Plan for Change: Intune is moving to support iOS/iPadOS 17 and later

Later in calendar year 2025, we expect iOS 26 and iPadOS 26 to be released by Apple. Microsoft Intune, including the Intune Company Portal and Intune app protection policies (APP, also known as MAM), requires iOS 17/iPadOS 17 and higher shortly after the iOS/iPadOS 26 release.

How does this change affect you or your users?

If you're managing iOS/iPadOS devices, you might have devices that won't be able to upgrade to the minimum supported version (iOS 17/iPadOS 17).
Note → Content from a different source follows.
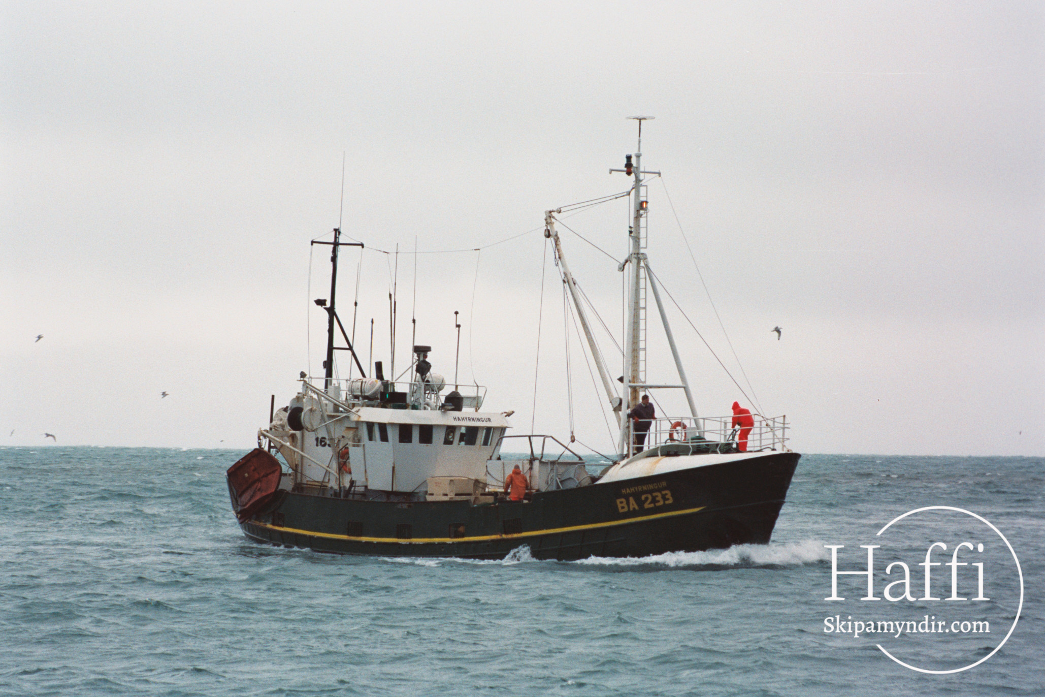 Rækjubáturinn Háhyrningur BA 233 kemur hér að landi á Húsavík um árið en hann bar þetta nafn árin 1997 – 2000.

Given that Microsoft 365 mobile apps are supported on iOS 17/iPadOS 17 and higher, this change might not affect you. You likely already upgraded your OS or devices.

To check which devices support iOS 17 or iPadOS 17 (if applicable), see the following Apple documentation:

• Supported iPhone models
• Supported iPad models

How can you prepare?

Check your Intune reporting to see what devices or users might be affected. For devices with mobile device management (MDM), go to Devices > All devices and filter by OS. For devices with app protection policies, go to Apps > Monitor > App protection status and use the Platform and Platform version columns to filter.

To manage the supported OS version in your organization, you can use Microsoft Intune controls for both MDM and APP. For more information, see Manage operating system versions with Intune.

Plan for change: Intune is moving to support macOS 14 and higher later this year

Later in calendar year 2025, we expect macOS Tahoe 26 to be released by Apple. Microsoft Intune, the Company Portal app, and the Intune mobile device management agent support macOS 14 and later. Since the Company Portal app for iOS and macOS are a unified app, this change will occur shortly after the release of macOS 26. This change doesn't affect existing enrolled devices.

How does this change affect you or your users?

This change only affects you if you currently manage, or plan to manage, macOS devices with Intune. If your users have likely already upgraded their macOS devices, then this change might not affect you. For a list of supported devices, refer to macOS Sonoma is compatible with these computers.

How can you prepare?

Check your Intune reporting to see what devices or users might be affected. Go to Devices > All devices and filter by macOS. You can add more columns to help identify who in your organization has devices running macOS 13.x or earlier. Ask your users to upgrade their devices to a supported OS version.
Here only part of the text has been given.